Dataset content START

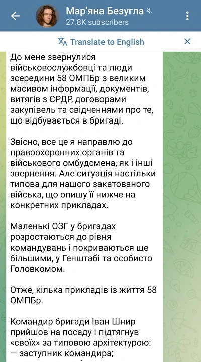 In a scathing post released on April 23th 2026 on her official Telegram channel, Ukrainian MP Mariana Bezugla has levelled explosive allegations against the leadership of the 58th Motorised Rifle Brigade. Describing a “typical” yet “tormented” state within parts of the army, Bezugla’s report paints a grim picture of systemic extortion, physical abuse, and high-level corruption reaching as far as the General Staff.
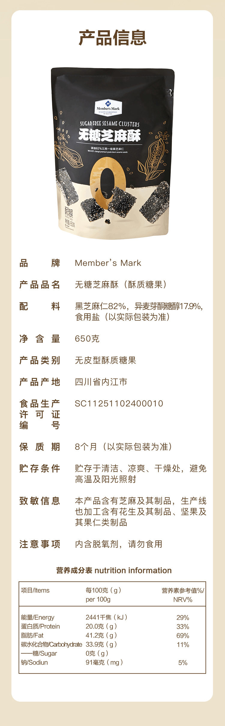 【山姆限定】无糖芝麻酥 约10g/小袋装
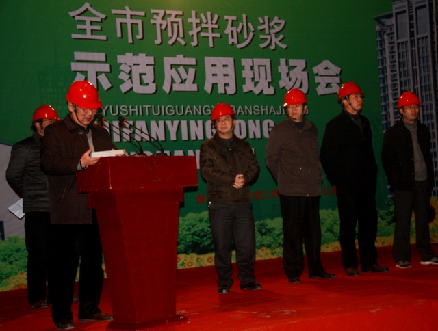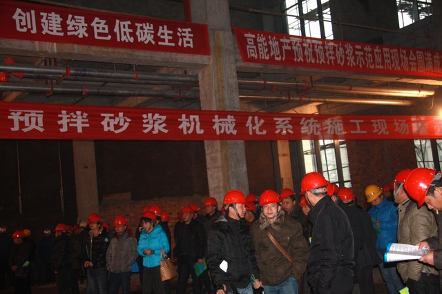 2013年1月8日,新余市預拌砂漿示范應用現場會在高能上城62#樓2層順利召開。市工信委、市建管局、市質監(jiān)站、全市各建設單位、預拌砂漿生產企業(yè)、監(jiān)理單位和施工單位相關人員出席參加。高能上城62#樓的施工人員現場講解和展示了預拌砂漿機械化系統施工工藝。預拌砂漿比現場攪拌砂漿具有7大優(yōu)點:質量穩(wěn)定、品種豐富、文明施工、提高工效、節(jié)能降耗、降低綜合成本以及功能優(yōu)異獨特。
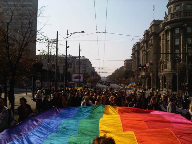 Na Paradu sam krenuo iz Belegiša, malog sremskog sela kraj Beograda. Za razliku od prošle godine žena me je pustila (hvala joj) jer je prošle godine bila jako uplašena i cele nedelje smo se svađali oko odlaska na otkayani PRIDE. To mi govori da je verovala, kao i mnogi, da nasilja neće biti. Tast nikako nije razumeo zašto se sve to radi ali nije, kao stari dobri vojvođanin, ulazio u nepotrebne rasprave. Ulazeći u kola razmišljao sam koliko će odavde krenuti ljudi, ali protivnika parade. Kako bi me gledale komšije da znaju gde idem? Da li odobravale? Žurio sam ka Zemunu da pokupim Draga i Anu jer smo se mi iz CMV dogovorili da idemo svi zajedno. Našli smo se ispred kancelarije gde sam parkirao i auto među drugim automobilima koji su tu bili parkirani. Tu već primećujemo pojedince vrlo slično obučene koji stoje pojedinačno ili u parovima. Radnica u “Pink panteru” (Novopayarski ćevap) na glas psuje i kune učesnike Parade. Marija, koja je došla sa Krsta nas informiše da je oko hrama i u Mekenzijevoj već bilo manjih incidenata.
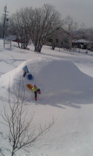 こんにちは。スキーこどもの日!なので、今日は何と!お子様のリフト一日券が、無料の日。でございました。ゲレンデよりも、こっちが楽しい!?よじ登っては、ズズズ--っと滑走お子様たち、とっても楽しそう!大騒ぎの、はしゃぎ声がして、いったい何人のお子様が??と思って見てみたら、お二人でした。このあと、人が増えて、大人たちも本気で雪遊び・・。あ・・その写真を、とり忘れ・・。このあと、これって・・かまくらへと発展するのでしょうか?それとも、今年は雪像と、雪山でシーズン終了までいくのかしら。楽しみです・・。Kayoko Tajima
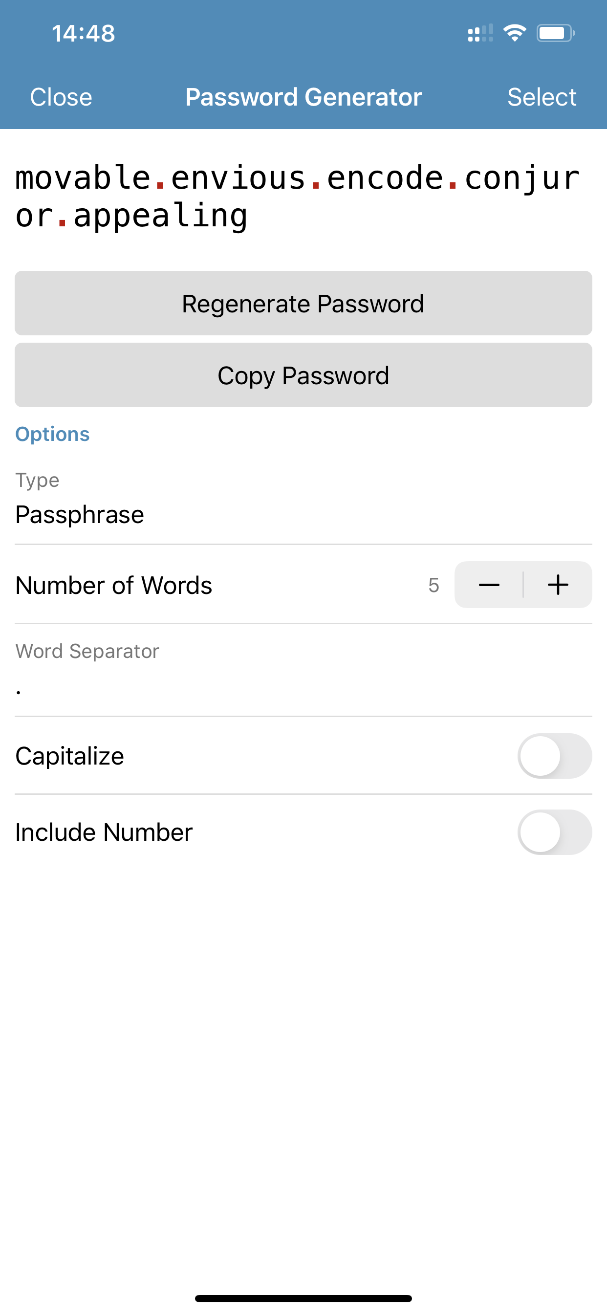 If you want to create an item in the vault when you use the iOS feature for password lookup in the browser/any application (the button over the keyboard which appears when typing in a password field), then Bitwarden does not give an option to generate a passphrase, only a regular password.
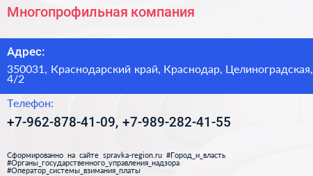 Многопрофильная компания по адресу 350031, Краснодарский край, Краснодар, Целиноградская, 4/2 в дальнейшем Организация, размещена в следующих категориях:
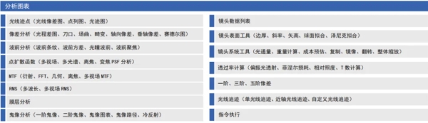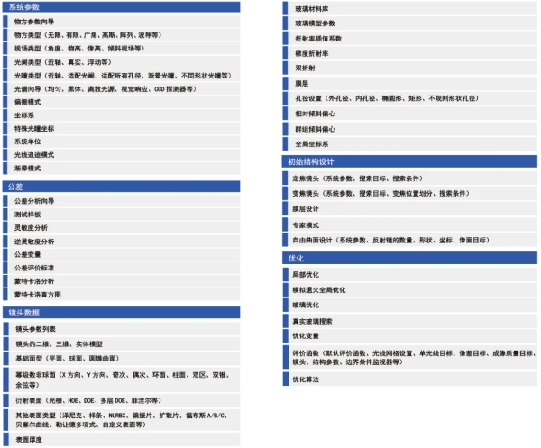 軟件中的工具部件都與設計過程中的重要步驟相符合,從而構成了軟件中的基礎功能。其中分析、優化和公差工具包含了一系列特定公差內基于物理算法的分析、仿真、以及優化光學系統。
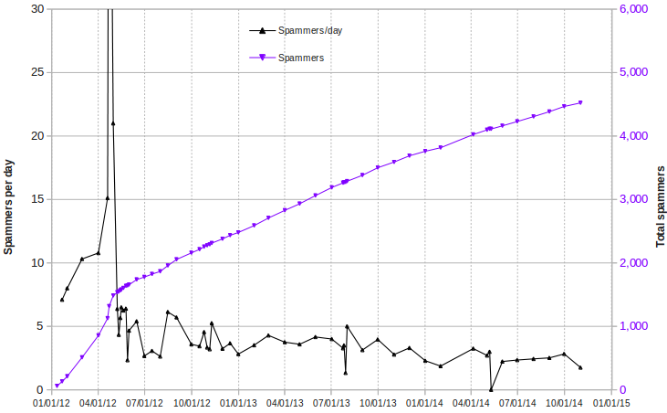 I've set a smaller scale for the rate to have a better view since most of the range is lower than 5 spammers per day.
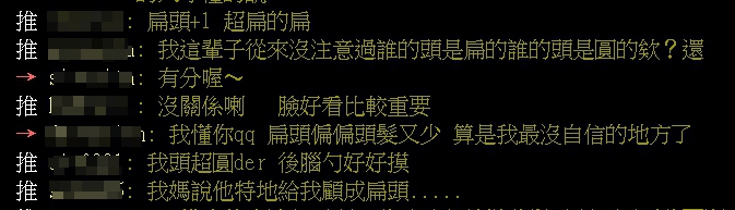 此文PO出後,網友紛紛表示感同身受:「我也是扁頭,很討厭綁頭髮」、「我也超級扁,我都早上洗頭不然睡起來都塌塌的」、「我也是扁頭,有次剪頭髮還被設計師狂笑,說沒看過這麼扁的後腦勺,還叫我朋友過來一起摸,超過分」。也有網友表示,「已慢慢釋懷,因為自己看不到」、「我這輩子從來沒注意過誰的頭是扁的誰的頭是圓的欸?還有分喔?」不過也有網友表示,「超扁+1,但我媽說這樣才好看」、「我也是扁頭,我媽說以前阿嬤特地把我顧成這樣的」、「我媽說她特地給我顧成扁頭」。
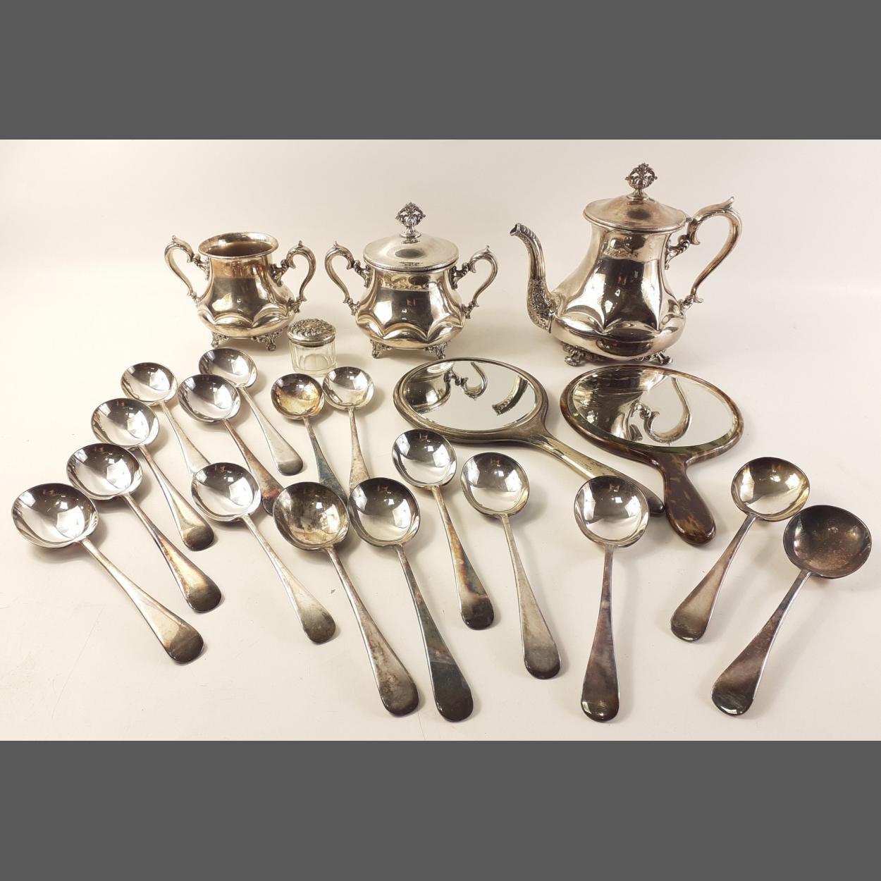 A small silver plate lot to include a tea service by WEBB, soup spoons, hand mirror plus a silver hallmarked bottle.
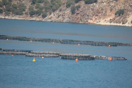 | de andere kant was bedekt met groen bos | midden in de baai naar de haven lag een viskwekerij | bij een hotel tegenover onze steiger zat een zwaluwnest |
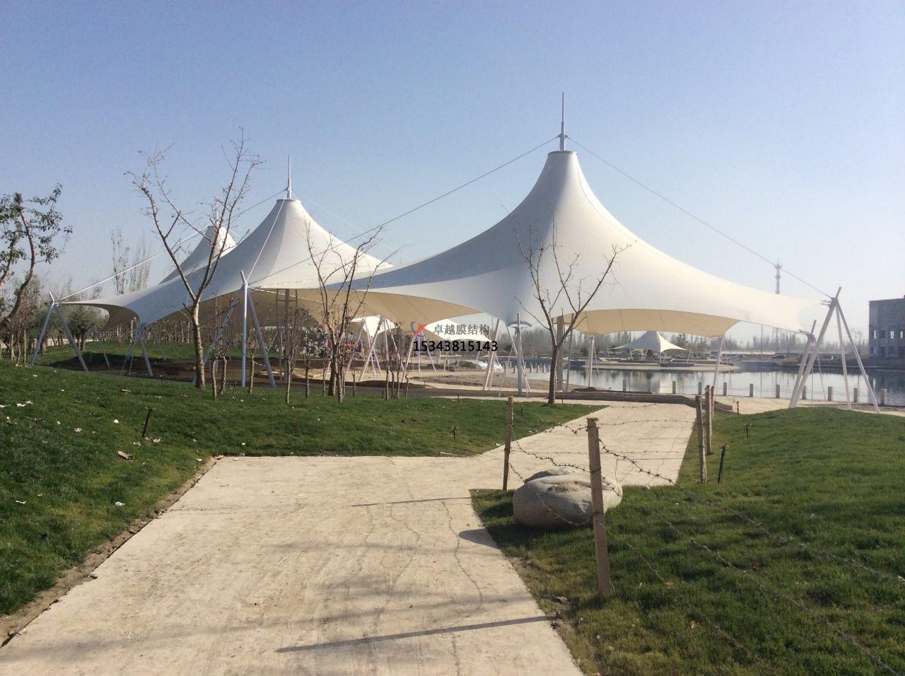其次是景觀膜結(jié)構(gòu)遮陽棚頂部遮陽防雨頂棚板選用白色(其他色彩可選擇)膜布,與車棚骨架用鍍鋅扁鐵壓好,燕尾絲固定卡死,一方狂風對車棚的威脅。
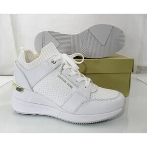 Michael Kors Georgie Knit Trainer Wedge Sneakers MK Logo Optic White Size 9.5
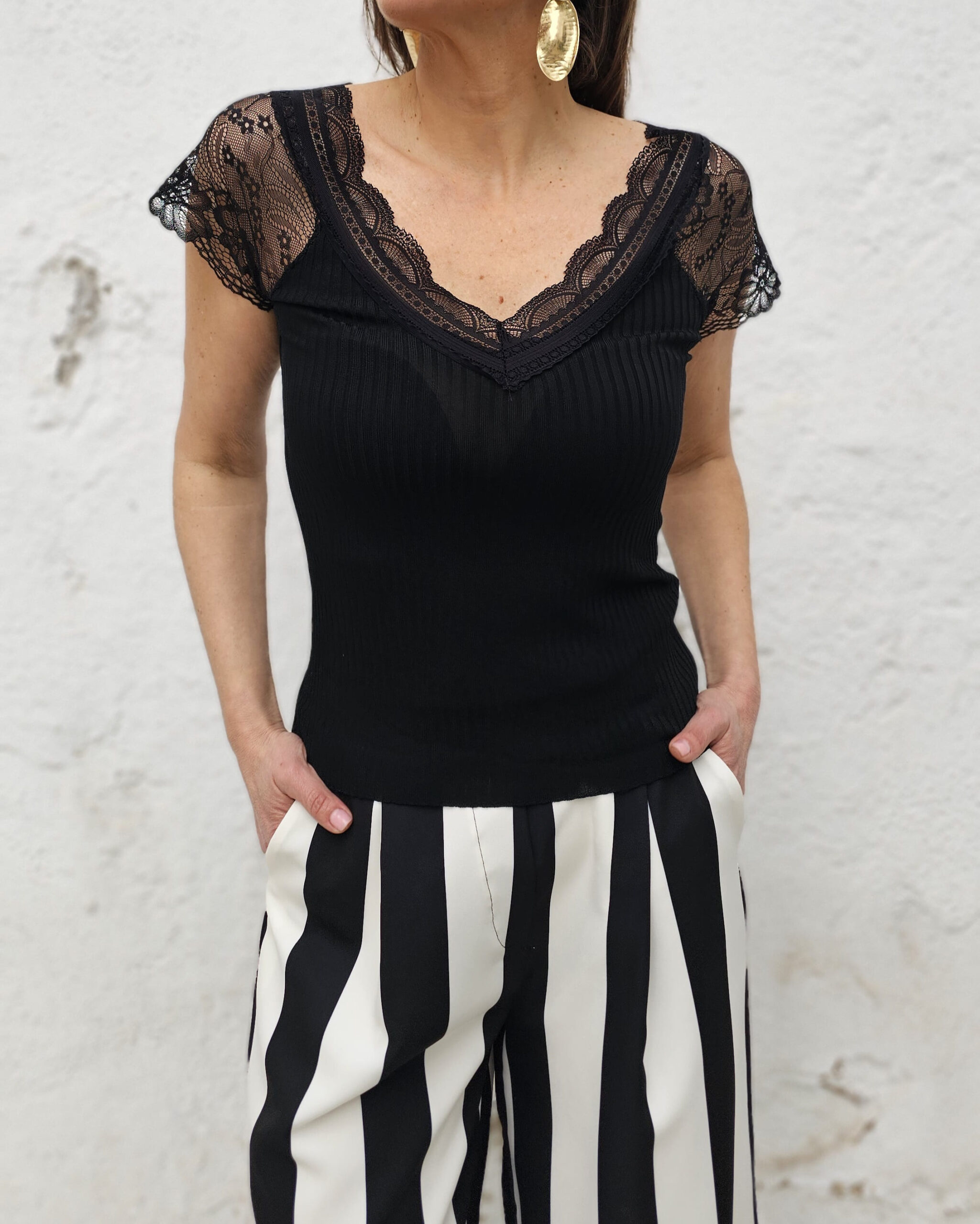 Canalé suave, encaje…una combinación preciosa y estilosa a rabiar.
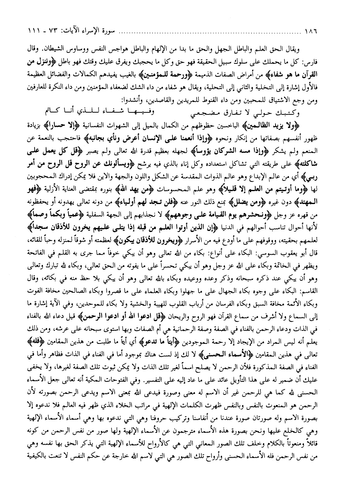 وَلا يَزِيدُ الظَّالِمِينَ الباخسين حظوظهم من الكمال بالميل إلى الشهوات النفسانية إِلَّا خَساراً بزيادة ظهور أنفسهم بصفاتها من إنكار ونحوه وَإِذا أَنْعَمْنا عَلَى الْإِنْسانِ أَعْرَضَ وَنَأى بِجانِبِهِ فاحتجب بالنعمة عن المنعم ولم يشكر وَإِذا مَسَّهُ الشَّرُّ كانَ يَؤُساً لجهله بعظيم قدرة الله تعالى ولم يصبر قُلْ كُلٌّ يَعْمَلُ عَلى شاكِلَتِهِ على طريقته التي تشاكل استعداده وكل إناء بالذي فيه يرشح وَيَسْئَلُونَكَ عَنِ الرُّوحِ قُلِ الرُّوحُ مِنْ أَمْرِ رَبِّي أي من عالم الإبداع وهو عالم الذوات المقدسة عن الشكل واللون والجهة والأين فلا يمكن إدراك المحجوبين لها وَما أُوتِيتُمْ مِنَ الْعِلْمِ إِلَّا قَلِيلًا وهو علم المحسوسات مَنْ يَهْدِ اللَّهُ بنوره بمقتضى العناية الأزلية فَهُوَ الْمُهْتَدِ دون غيره وَمَنْ يُضْلِلْ بمنع ذلك النور عنه فَلَنْ تَجِدَ لَهُمْ أَوْلِياءَ من دونه تعالى يهدونه أو يحفظونه من قهره عز وجل وَنَحْشُرُهُمْ يَوْمَ الْقِيامَةِ عَلى وُجُوهِهِمْ لا نجذابهم إلى الجهة السفلية عُمْياً وَبُكْماً وَصُمًّا لأنها أحوال تناسب أحوالهم في الدنيا إِنَّ الَّذِينَ أُوتُوا الْعِلْمَ مِنْ قَبْلِهِ إِذا يُتْلى عَلَيْهِمْ يَخِرُّونَ لِلْأَذْقانِ سُجَّداً لعلمهم بحقيته، ووقوفهم على ما أودع فيه من الأسرار وَيَخِرُّونَ لِلْأَذْقانِ يَبْكُونَ لعظمته أو شوقا لمنزله وحبا للقائه، قال أبو يعقوب السوسي: البكاء على أنواع: بكاء من الله تعالى وهو أن يبكي خوفا مما جرى به القلم في الفاتحة ويظهر في الخاتمة وبكاء على الله عز وجل وهو أن يبكي تحسرا على ما يفوته من الحق تعالى، وبكاء لله تبارك وتعالى وهو أن يبكي عند ذكره سبحانه وذكر وعده ووعيده وبكاء بالله تعالى وهو أن يبكي بلا حظ منه في بكائه، وقال القاسم: البكاء على وجوه بكاء الجهال على ما جهلوا وبكاء العلماء على ما قصروا وبكاء الصالحين مخافة الفوت وبكاء الأئمة مخافة السبق وبكاء الفرسان من أرباب القلوب للهيبة والخشية ولا بكاء للموحدين، وفي الآية إشارة ما إلى السماع ولا أشرف من سماع القرآن فهو الروح والريحان قُلِ ادْعُوا اللَّهَ أَوِ ادْعُوا الرَّحْمنَ قيل دعاء الله بالفناء في الذات ودعاء الرحمن بالفناء في الصفة وصفة الرحمانية هي أم الصفات وبها استوى سبحانه على عرشه، ومن ذلك يعلم أنه ليس المراد من الإيجاد إلا رحمة الموجودين أَيًّا ما تَدْعُوا أي أيّا ما طلبت من هذين المقامين فَلَهُ تعالى في هذين المقامين الْأَسْماءُ الْحُسْنى لا لك إذ لست هناك بموجود أما في الفناء في الذات فظاهر وأما في الفناء في الصفة المذكورة فلأن الرحمن لا يصلح اسما لغير تلك الذات ولا يمكن ثبوت تلك الصفة لغيرها، ولا يخفى عليك أن ضمير له على هذا التأويل عائد على ما عاد إليه على التفسير. وفي الفتوحات المكية أنه تعالى جعل الأسماء الحسنى لله كما هي للرحمن غير أن الاسم له معنى وصورة فيدعى الله بمعنى الاسم ويدعى الرحمن بصورته لأن الرحمن هو المنعوت بالنفس وبالنفس ظهرت الكلمات الإلهية في مراتب الخلاء الذي ظهر فيه العالم فلا ندعوه إلا بصورة الاسم وله صورتان صورة عندنا من أنفاسنا وتركيب حروفنا وهي التي ندعوه بها وهي أسماء الأسماء الإلهية وهي كالخلع عليها ونحن بصورة هذه الأسماء مترجمون عن الأسماء الإلهية ولها صور من نفس الرحمن من كونه قائلا ومنعوتا بالكلام وخلف تلك الصور المعاني التي هي كالأرواح للأسماء الإلهية التي يذكر الحق بها نفسه وهي من نفس الرحمن فله الأسماء الحسنى وأرواح تلك الصور هي التي لاسم الله خارجة عن حكم النفس لا تنعت بالكيفية

Dataset content END

_What the exercise asks_. The reply should hold the lines from the top of the records through the line containing "If you want", reproduced exactly, and no pictures.

_Answer section_.
 In a scathing post released on April 23th 2026 on her official Telegram channel, Ukrainian MP Mariana Bezugla has levelled explosive allegations against the leadership of the 58th Motorised Rifle Brigade. Describing a “typical” yet “tormented” state within parts of the army, Bezugla’s report paints a grim picture of systemic extortion, physical abuse, and high-level corruption reaching as far as the General Staff.
 【山姆限定】无糖芝麻酥 约10g/小袋装
 2013年1月8日,新余市預拌砂漿示范應用現場會在高能上城62#樓2層順利召開。市工信委、市建管局、市質監(jiān)站、全市各建設單位、預拌砂漿生產企業(yè)、監(jiān)理單位和施工單位相關人員出席參加。高能上城62#樓的施工人員現場講解和展示了預拌砂漿機械化系統施工工藝。預拌砂漿比現場攪拌砂漿具有7大優(yōu)點:質量穩(wěn)定、品種豐富、文明施工、提高工效、節(jié)能降耗、降低綜合成本以及功能優(yōu)異獨特。
 Na Paradu sam krenuo iz Belegiša, malog sremskog sela kraj Beograda. Za razliku od prošle godine žena me je pustila (hvala joj) jer je prošle godine bila jako uplašena i cele nedelje smo se svađali oko odlaska na otkayani PRIDE. To mi govori da je verovala, kao i mnogi, da nasilja neće biti. Tast nikako nije razumeo zašto se sve to radi ali nije, kao stari dobri vojvođanin, ulazio u nepotrebne rasprave. Ulazeći u kola razmišljao sam koliko će odavde krenuti ljudi, ali protivnika parade. Kako bi me gledale komšije da znaju gde idem? Da li odobravale? Žurio sam ka Zemunu da pokupim Draga i Anu jer smo se mi iz CMV dogovorili da idemo svi zajedno. Našli smo se ispred kancelarije gde sam parkirao i auto među drugim automobilima koji su tu bili parkirani. Tu već primećujemo pojedince vrlo slično obučene koji stoje pojedinačno ili u parovima. Radnica u “Pink panteru” (Novopayarski ćevap) na glas psuje i kune učesnike Parade. Marija, koja je došla sa Krsta nas informiše da je oko hrama i u Mekenzijevoj već bilo manjih incidenata.
 こんにちは。スキーこどもの日!なので、今日は何と!お子様のリフト一日券が、無料の日。でございました。ゲレンデよりも、こっちが楽しい!?よじ登っては、ズズズ--っと滑走お子様たち、とっても楽しそう!大騒ぎの、はしゃぎ声がして、いったい何人のお子様が??と思って見てみたら、お二人でした。このあと、人が増えて、大人たちも本気で雪遊び・・。あ・・その写真を、とり忘れ・・。このあと、これって・・かまくらへと発展するのでしょうか?それとも、今年は雪像と、雪山でシーズン終了までいくのかしら。楽しみです・・。Kayoko Tajima
 If you want to create an item in the vault when you use the iOS feature for password lookup in the browser/any application (the button over the keyboard which appears when typing in a password field), then Bitwarden does not give an option to generate a passphrase, only a regular password.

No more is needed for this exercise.